Their opponents in turn failed miserably to explain why those tempted to vote for Sinn Fein should care about the fact that the party is still joined at the hip to the Provisional IRA.

Of course, they ought to care, but they don't, and that's probably not unconnected to the fact that the entire political project for the past 20 years since the Belfast Agreement has been to sell the idea that Sinn Fein in a government in Northern Ireland is a good and progressive and stabilising thing.

Everyone went along with that cunning plan, and yelled down anyone who dared disagree, and now they act surprised that it worked. Shouting "we meant up there, not down here" is a pretty feeble rearguard attempt to halt a bandwagon that they helped get rolling by mollycoddling republicans.

The nastiness of the Brexit debate, which was stoked by Taoiseach Leo Varadkar and large parts of the Irish media, also helped make Brit-bashing respectable again, so it did no harm at all to SF that they're better at it than anyone else.

As for Mary Lou, she's an impressive performer and seems to connect with ordinary people on the ground, and, once the sinister shadow of Gerry Adams no longer hung over the party, the pieces were all in place. The Sinn Fein team is articulate and well-groomed, and their concerns - housing, health, austerity - connect with cheesed off voters.

The most telling statistic yesterday was the finding that 63% of people don't feel personally any better off despite supposed improvements in the economy. What more warning was needed? It's worrying that Sinn Fein was the party to catch the wave of disaffection, but the Irish political establishment definitely had it coming.

Famously it's said that politicians campaign in poetry and govern in prose. Sinn Fein has the poetry part down to a fine art. Their handling of the prosaic duties of government has been less assured in Northern Ireland, and may hamper them when and if they finally get into coalition in Dublin, but for now it's possible for their voters to pretend that Sinn Fein has all the answers.

Whether their success really does mark a sea change in Irish politics remains to be seen. Those with longer memories will remember the so called "Spring tide" of 1992, when the Labour Party, led by Dick Spring, more than doubled its number of seats to 33. Labour surged again in 2011. Each time they fell back quickly, blamed as they were for going into coalition with a bigger party.

That could easily happen to Sinn Fein too. They'll be aware of the danger, and may even be quietly relieved if Fine Gael and Fianna Fail stick to their pledge not to share power with Mary Lou. But what alternatives are there on these numbers?

Either their opponents do the unthinkable, or else stagnation beckons in the form of another confidence and supply agreement which would be a clear rejection of the voters. Stitching up a deal to keep Sinn Fein out after this result ushers in as many dangers as there are from letting them in. The backsliding to make it happen has already begun.

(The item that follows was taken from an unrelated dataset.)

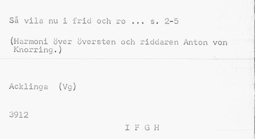 //// Så vila nu i frid och ro ... s. 2-5 //// (Harmoni över översten och riddaren Anton von Knorring.) //// Acklinga (Vg) //// ! //// 3912 //// I F G H ////

Whatever happens, it would be insanity to think the two Civil War parties will ever get back the dominance they once held. There's been talk of a left/right realignment of Irish politics for decades, and it never quite happens, but perhaps this time it will.

Mainstream politicians still seem unable to catch up with how the financial crash changed everything. All that's left is to decide how the pieces fall.

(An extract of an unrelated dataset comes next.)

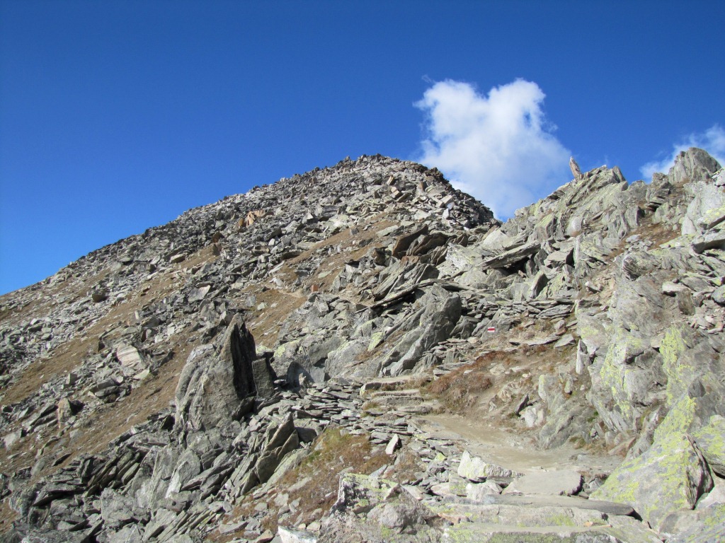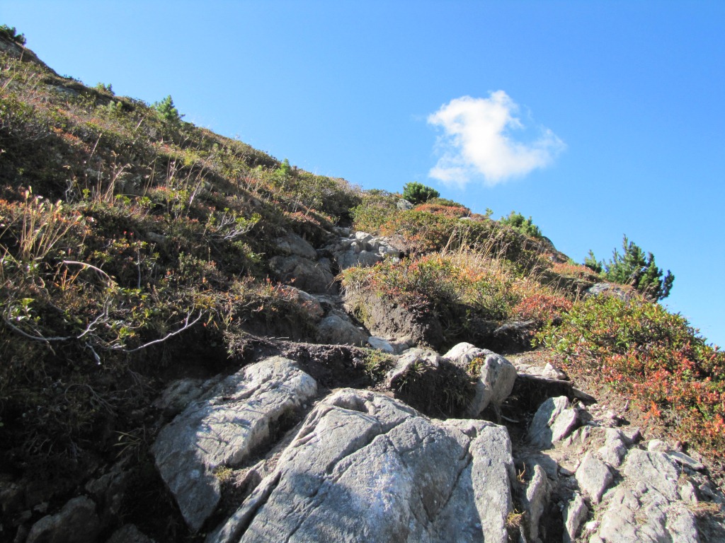 beim Wegweiser Kreuzung 2623 m.ü.M. führt der Weg steil hinauf Datum 17.01.2012

Sinn Fein would be equally naive to think, though, that this weekend's election helps the cause of Irish unity. The sight of their supporters singing Come Out Ye Black And Tans at the count centre in Dublin on Sunday will simply have confirmed the suspicions of even the most moderate unionists that they're not welcome down south and would be wise to steer clear of whatever it is that's now being beaten into shape in the forge of Irish politics.